Scientists reveal how mature trees could adapt to higher CO2 levels predicted for future climates  

Bangor University academics, working as part of an international consortium funded by the Natural Environment Research Council (NERC), contributed to research showing that mature trees can respond to the change of atmosphere by adjusting carbon allocation to promote “do-it-yourself” or “outsourcing” strategies for sourcing soil nutrients.  

The study, published in the Proceeding of the National Academy of Sciences (PNAS) was conducted at the University of Birmingham Institute of Forest Research’s Free Air CO2 Enrichment (BIFoR-FACE), which is a large outdoor forest research facility.  

Researchers discovered that trees growing in a CO2-rich atmosphere tactically use in-soil trading of carbon for nutrients.  

Perspex-sided root boxes, buried in the forest, allowed scientists to access the soil and roots below giant approximately 180-year-old English oak trees growing in an atmosphere containing over a third more CO2. This is what the atmosphere is expected to be like by the mid-21st-century.  

Measurements made after elevating CO2 in the forest for five years, showed that the oak trees increased their fine root branching systems by 73%. This “do-it-yourself” strategy helped the trees explore more of the soil at all times of the year to find and take up nutrients.   

The “outsourcing” strategies they used, which involve trade partnerships with the soil microbial community, showed distinct seasonal patterns.   

There was a 63% increase in the release or exudation of a cocktail of small organic molecules early in spring and autumn, which prime soil microbes to release nutrients locked up in soils, thereby meeting tree nutrient demands. There was also a 17% increase in the amount of symbiotic root-associated fungi in autumn.   

In addition, under elevated CO2, trees not only invested more carbon in their in-soil trading, they also altered the cocktail of chemicals released as root exudate, providing yet one more ‘outsourcing’ strategy to gain nutrients and sustain growth.  

Professor Andy Smith, from Bangor University’s School of Environmental & Natural Sciences said, “Forests have an important role as carbon sinks to help offset anthropogenic CO2 emissions.

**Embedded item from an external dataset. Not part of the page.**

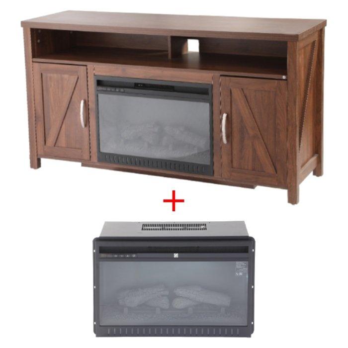 Wansa 65" tv stand with electric fireplace - walnut brown (a-001ft) + fireplace in...

Our research reveals how forest growth can be sustained through novel below-ground strategies that maintain a sufficient supply of soil nutrients to continue assimilating atmospheric CO2 through photosynthesis and sequestering carbon.”  

Dr Michaela Reay, the lead author from the University of Bristol, who carried out the research for this study while at the University of Birmingham, said, “Roots do not simply take up nutrients and water from soils but rather exhibit smart and dynamic choreography, which involves highly specialised trade-offs with soil microbes via varied nutrient exploration strategies throughout the year.     

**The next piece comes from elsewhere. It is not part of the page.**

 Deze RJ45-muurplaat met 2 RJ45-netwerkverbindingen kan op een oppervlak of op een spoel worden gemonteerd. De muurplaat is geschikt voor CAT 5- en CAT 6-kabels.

“These findings indicate that trees are more agile in optimising growth than previously thought and will continue to be agile under higher CO2 atmospheres as long as soil nutrient supplies are sustained.”   

Senior author Professor Sami Ullah from the University of Birmingham said, “These mechanistic insights into how trees growing in future atmospheres acquire soil nutrients will have significant policy implications with direct relevance for climate mitigation initiatives such as the Paris Climate Agreement, the EU Green Deal, and the UK and EU net zero ambitions by 2050.”  

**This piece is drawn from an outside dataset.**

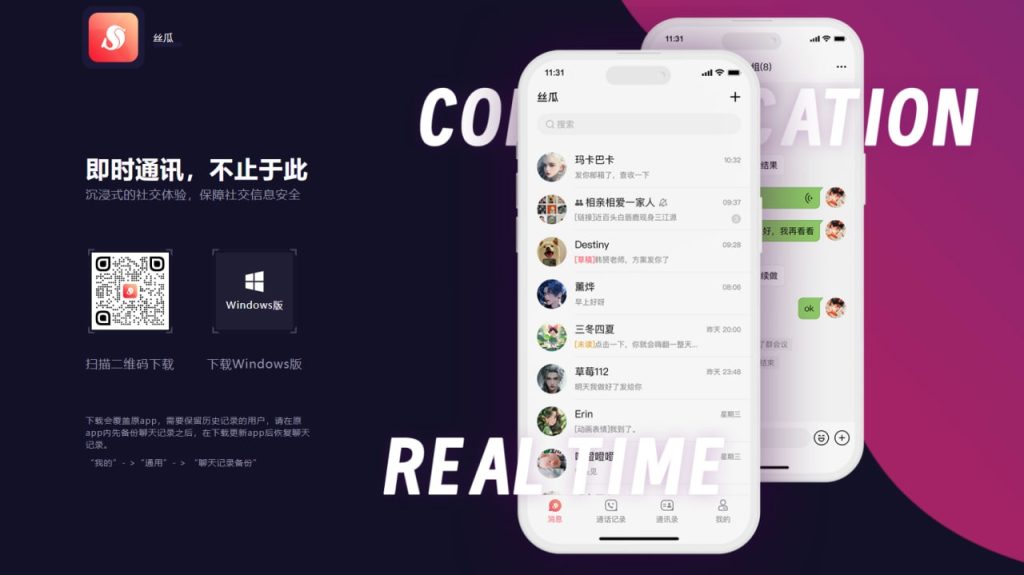 即时通讯功能:丝瓜聊天官网提供了全面的即时通讯功能,用户可以通过文字、语音、图片和视频进行沟通。支持单人聊天和群组聊天,用户可以方便地与朋友、家人或同事进行快速沟通。

Since the nutrients available in soil are not unlimited, the question now remains whether the extra carbon investment of trees in nutrient acquisition may eventually exhaust soil nutrient stocks.   

Forest responses to enforced changes, such as higher atmospheric CO2, can take many years to reach a new balance point. The ongoing research at BIFoR-FACE will assess whether nutrient supplies can continue to meet tree nutrient demands.